Breaking News

Dealing with “underwater” mortgages

The Supreme Court, taking on a bankruptcy issue that grew out of the collapse of the U.S. housing market, agreed on Monday to sort out when a mortgage debt on a home that has lost its value can be completely wiped out.  At issue in a pair of cases is the so-called “strip off” in bankruptcy of a mortgage that is ranked lower than another loan when the mortgaged property is worth so little that it could not cover either debt.

The Court, in the consolidated cases of Bank of America v. Caulkett and Bank of America v. Toledo-Cardona, will be deciding whether a “strip off” of a mortgage is to be barred in the same way that a “strip down” already is, under a 1992 Supreme Court ruling (Dewsnup v. Timm).
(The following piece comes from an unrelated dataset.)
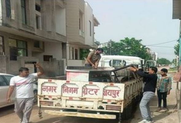 जयपुर । नगर निगम जयपुर आयुक्त डॉ. गौरव सैनी के निर्देषानुसार एवं पूर्व से प्राप्त शिकायतों पर उपायुक्त सतर्कता के नेतृत्व में सतर्कता शाखा की द्वारा नगर निगम जयपुर क्षेत्राधिकार में रामबाग सर्किल से एयरपोर्ट तक, बी-2 बाईपास से एसएफएस चैराहा, मानसरोवर न्यू सांगानेर रोड़ एवं 200 फीट बाईपास अजमेर रोड़ सेे अस्थाई अतिक्रमण करने वालों के विरुद्ध 3 हजार रुपये का कैरिंग चार्ज वसूल कर 4 केन्टर सामान जब्त किया गया।

In the Dewsnup decision, the Court ruled that the bankruptcy code does not allow a debtor to resist a claim by a creditor by having the value of real property “stripped down” to its current market value.  The Court said that the practical effect of allowing “strip down” of a lien in that way would be to freeze the creditor’s claim to a court-determined value, contrary to the earlier view that the value of debts on real property remain unaffected as they pass through bankruptcy proceedings.

The situation in the newly granted cases is that Florida home-owners in Melbourne and Tampa each had first and second mortgages on their properties, and the second mortgages were issued by Bank of America.  When the housing bubble burst and the home-owners could not cover their debts, they filed for bankruptcy under Chapter 7.  They asked the bankruptcy judge to void their second mortgages, noting that their homes had lost so much value that even the first mortgages involved debts beyond the value of the property — that is, the loan was “under water.”

Both Bank of America loans were wiped out, in decisions upheld by the U.S. Court of Appeals for the Eleventh Circuit, applying circuit precedent that the Supreme Court had left intact in a denial of review last March in an earlier Bank of America case..

Bank of America took both cases to the Supreme Court, arguing that the issue is an important and recurring one in bankruptcy law, and contending that a “strip off” of a lower-ranking lien is no more allowed than a “strip down” is.   That is the issue the Justices agreed to hear and decide, later this Term.  The two petitions were consolidated for one hour of oral argument.

That was the only new case the Justices agreed on Monday to review.